◆ Problem description ◆
Before anything else, drop the pictures; then return exactly the lines from the top of the listing through the line with "Джемпер свободного кроя".

◆ Data shown ◆
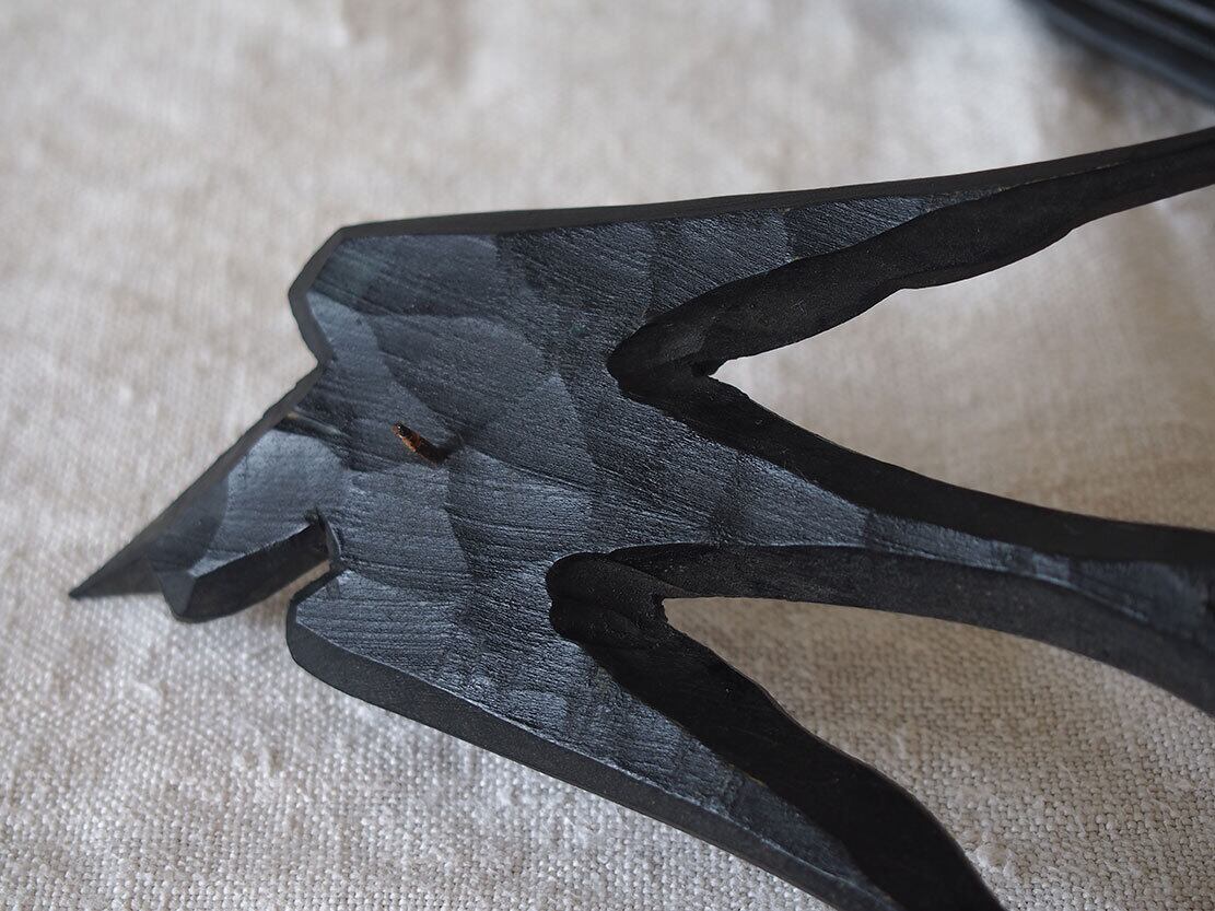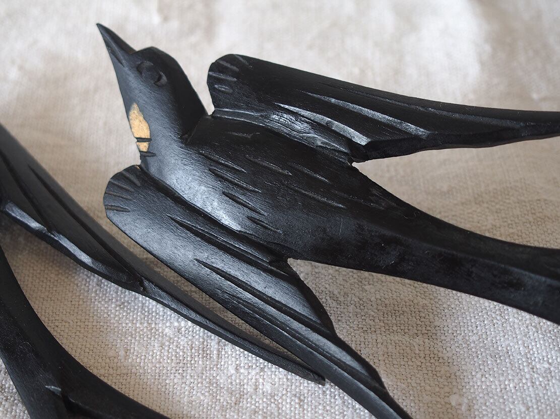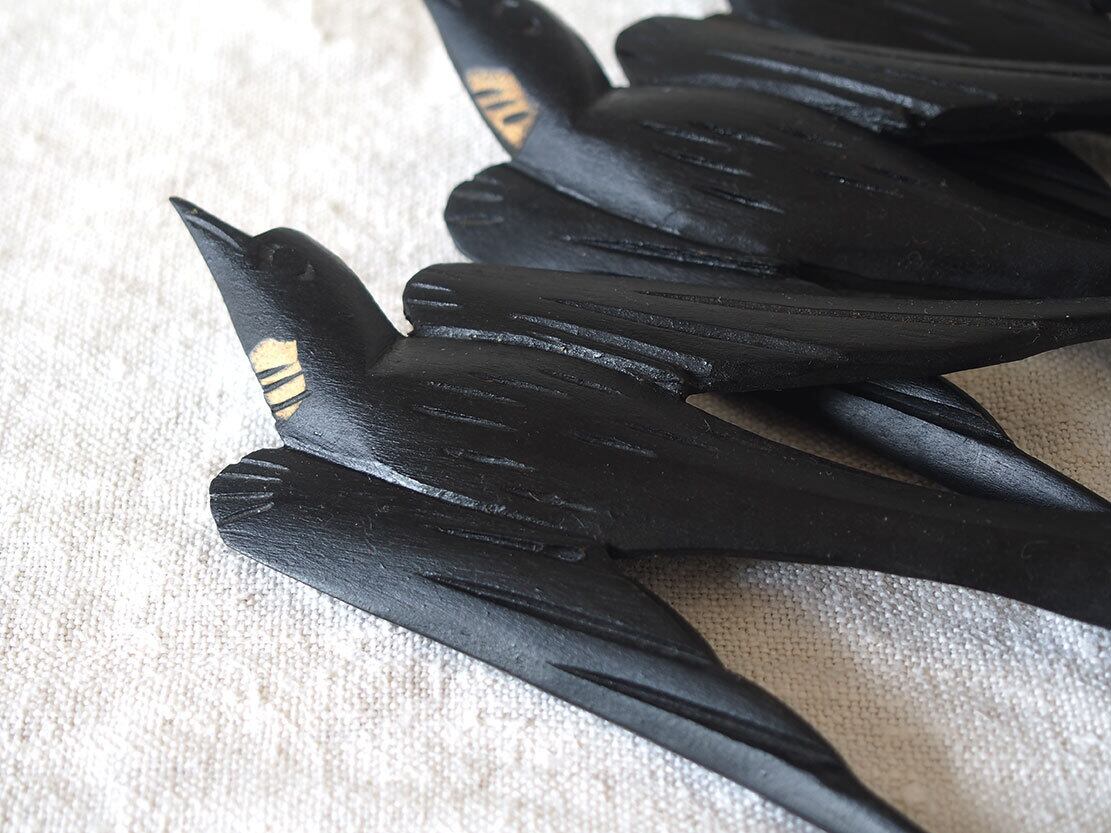 ヴィンテージ ツバメのオブジェ3羽。春ともにやってくるツバメはとても良い印象が持たれており教会の彫刻やオーナメントにもたびたび登場します。裏には取り付け用のピンがあります。特に目立つダメージはありません、写真参照。陶器のツバメはよく見かけますが、木彫りはあまり入手できない貴重な物です。この機会をお見逃し無く。詳細は写真でご確認頂けます。バラ売りはいたしません。
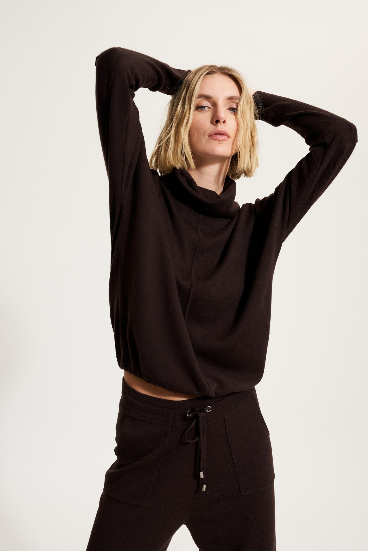 Джемпер свободного кроя с двойным воротником. Длина: 62 см.
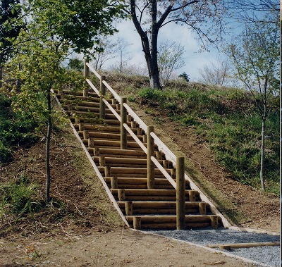 丸太階段 木製階段 - 丸太杭 杭 松杭 丸棒杭 丸棒加工 丸太階段 丸太柵 木柵 フェンス材 デッキ材 土木用木製品 製造販売 有限会社 マルウッド。
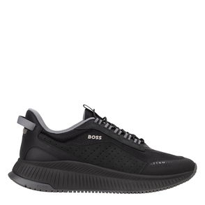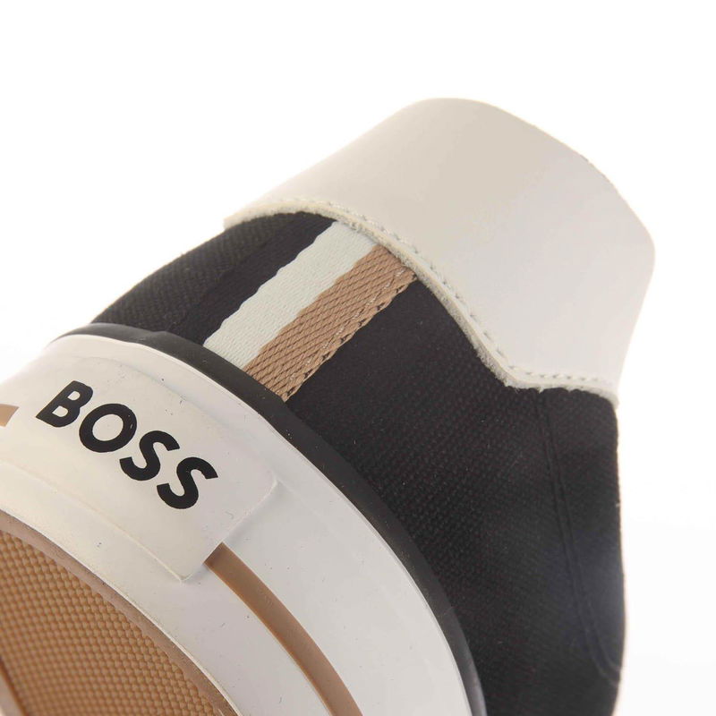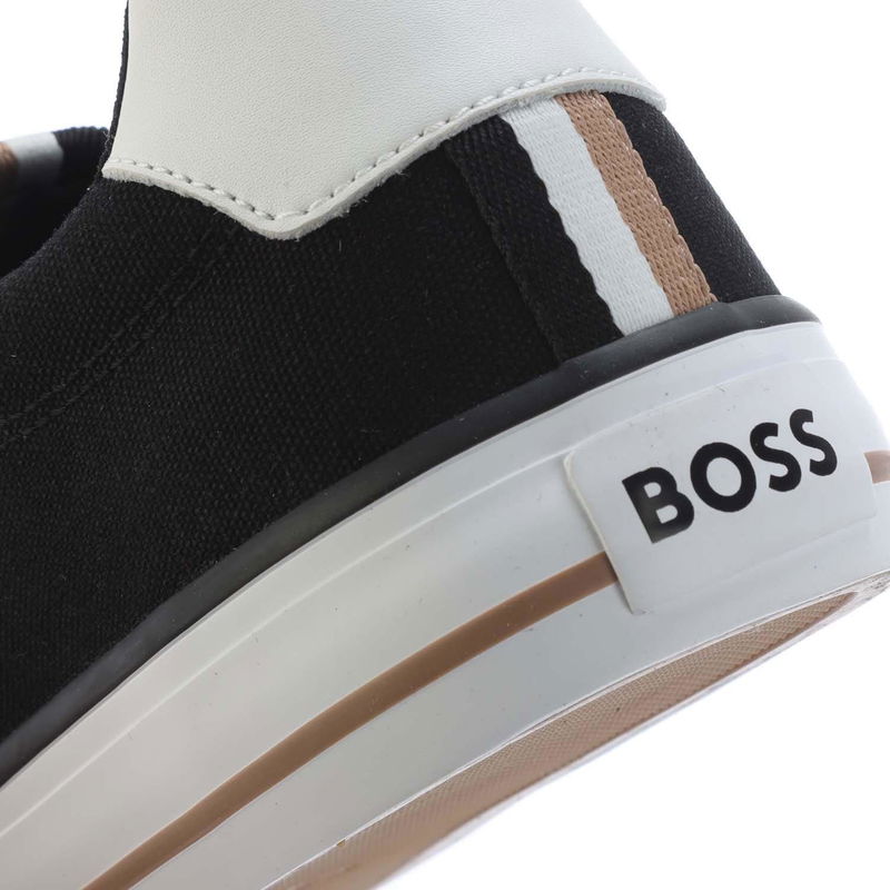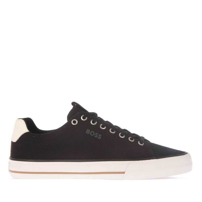 Mens Boss Aiden Tennis Trainers in black. Textile upper. Lace up fastening. Low ankle collar. Signature BOSS three stripes woven logo pinch tag. Contrast side panel logo. Vulcanised rubber outsole.

◆ Result of this task ◆
 ヴィンテージ ツバメのオブジェ3羽。春ともにやってくるツバメはとても良い印象が持たれており教会の彫刻やオーナメントにもたびたび登場します。裏には取り付け用のピンがあります。特に目立つダメージはありません、写真参照。陶器のツバメはよく見かけますが、木彫りはあまり入手できない貴重な物です。この機会をお見逃し無く。詳細は写真でご確認頂けます。バラ売りはいたしません。
 Джемпер свободного кроя с двойным воротником. Длина: 62 см.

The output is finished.